• **Problem details**: In the data below, begin at the line with "실전 예제를 담고 있다." and stop after the line with "Photo Credits: Adobe"; output those lines exactly and no pictures.

• **Given information**:
***
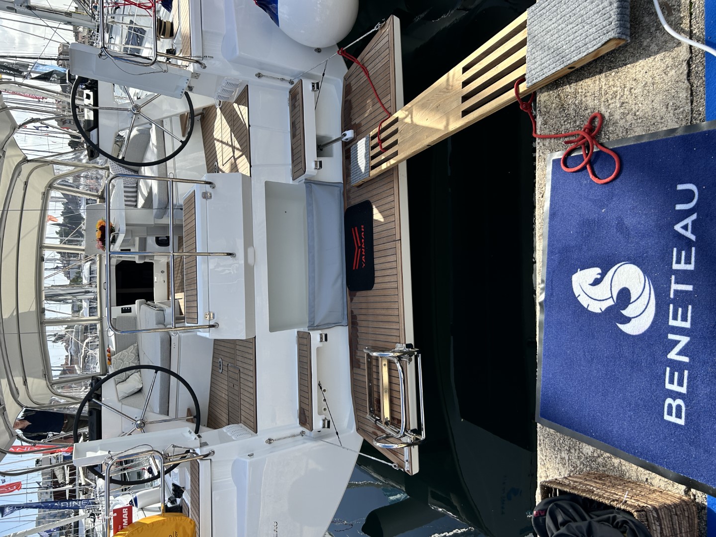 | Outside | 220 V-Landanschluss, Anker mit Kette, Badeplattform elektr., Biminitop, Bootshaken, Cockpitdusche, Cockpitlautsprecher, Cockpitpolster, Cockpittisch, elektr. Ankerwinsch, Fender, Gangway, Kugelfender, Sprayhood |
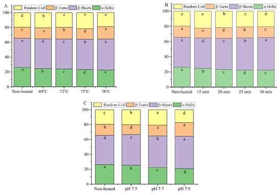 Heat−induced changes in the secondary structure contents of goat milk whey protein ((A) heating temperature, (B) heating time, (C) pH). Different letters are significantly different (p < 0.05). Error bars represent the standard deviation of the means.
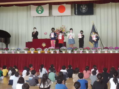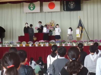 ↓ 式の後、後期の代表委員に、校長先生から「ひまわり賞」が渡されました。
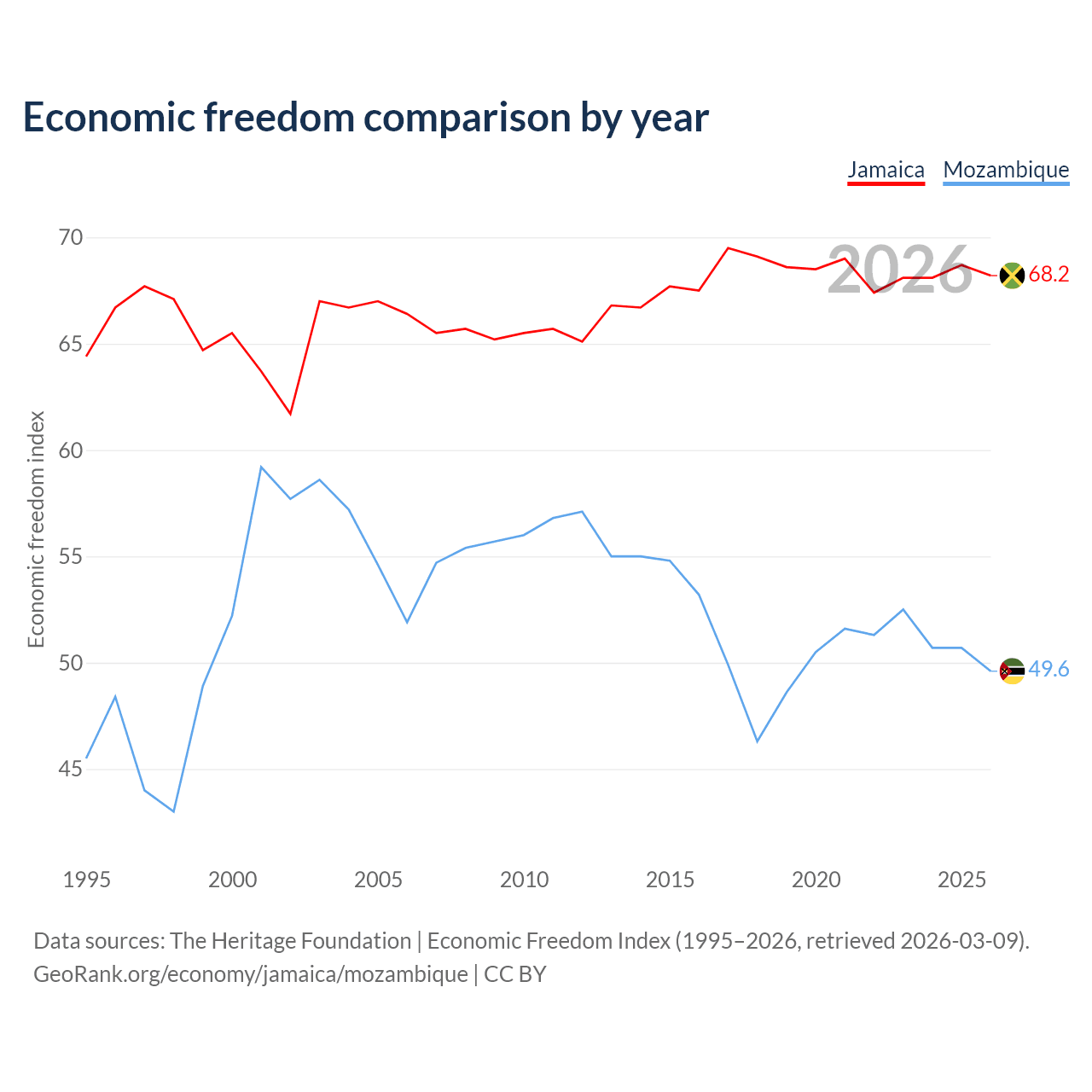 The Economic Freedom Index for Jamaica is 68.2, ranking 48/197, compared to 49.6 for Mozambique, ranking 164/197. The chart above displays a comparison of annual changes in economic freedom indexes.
***
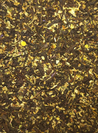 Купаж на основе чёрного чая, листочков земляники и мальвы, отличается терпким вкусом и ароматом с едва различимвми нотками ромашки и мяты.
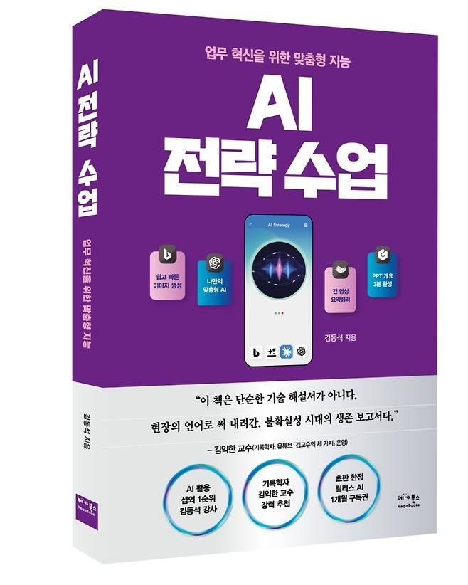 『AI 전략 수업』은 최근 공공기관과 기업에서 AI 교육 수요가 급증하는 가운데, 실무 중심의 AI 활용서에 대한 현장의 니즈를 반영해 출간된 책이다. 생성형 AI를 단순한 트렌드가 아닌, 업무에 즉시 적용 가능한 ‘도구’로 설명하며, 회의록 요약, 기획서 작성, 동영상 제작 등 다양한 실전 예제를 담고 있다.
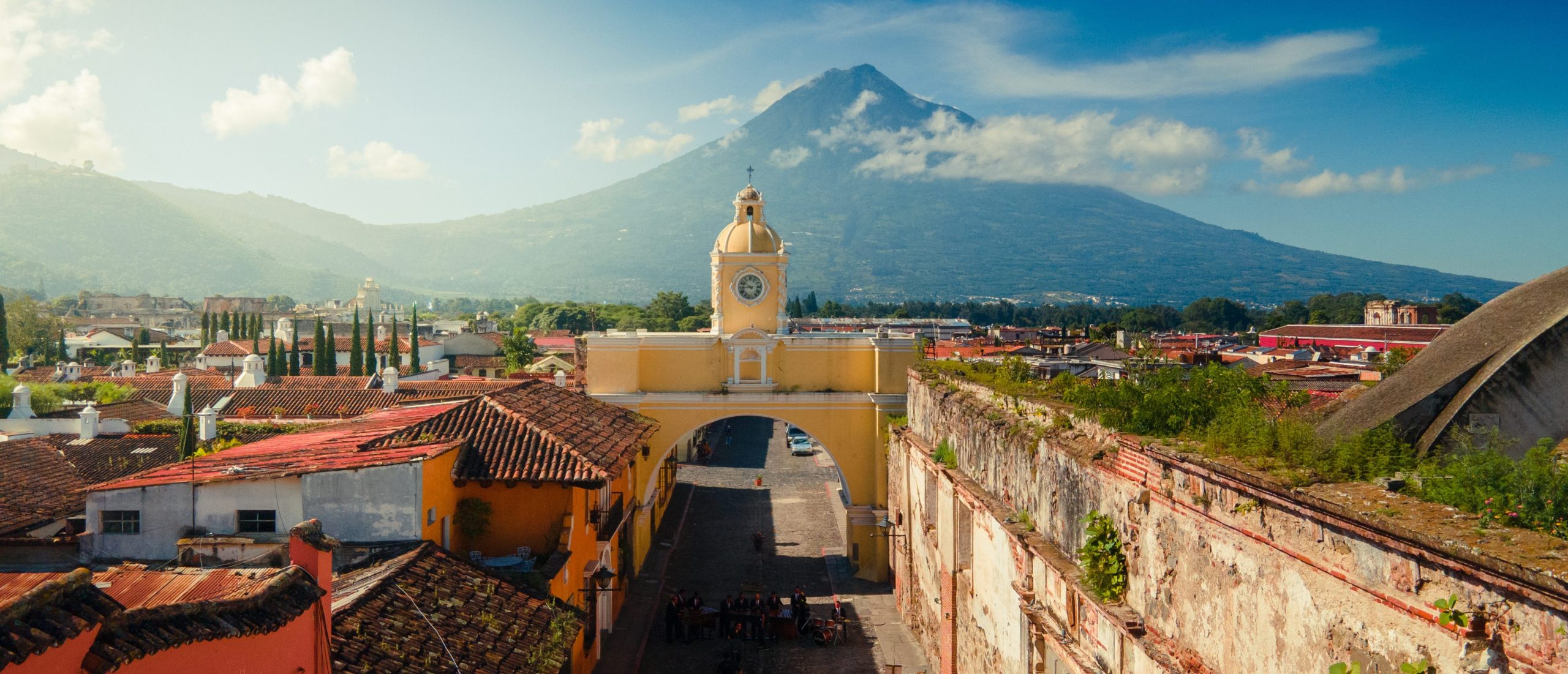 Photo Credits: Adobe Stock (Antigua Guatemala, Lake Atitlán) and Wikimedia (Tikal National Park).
***
• **Written response**:
 『AI 전략 수업』은 최근 공공기관과 기업에서 AI 교육 수요가 급증하는 가운데, 실무 중심의 AI 활용서에 대한 현장의 니즈를 반영해 출간된 책이다. 생성형 AI를 단순한 트렌드가 아닌, 업무에 즉시 적용 가능한 ‘도구’로 설명하며, 회의록 요약, 기획서 작성, 동영상 제작 등 다양한 실전 예제를 담고 있다.
 Photo Credits: Adobe Stock (Antigua Guatemala, Lake Atitlán) and Wikimedia (Tikal National Park).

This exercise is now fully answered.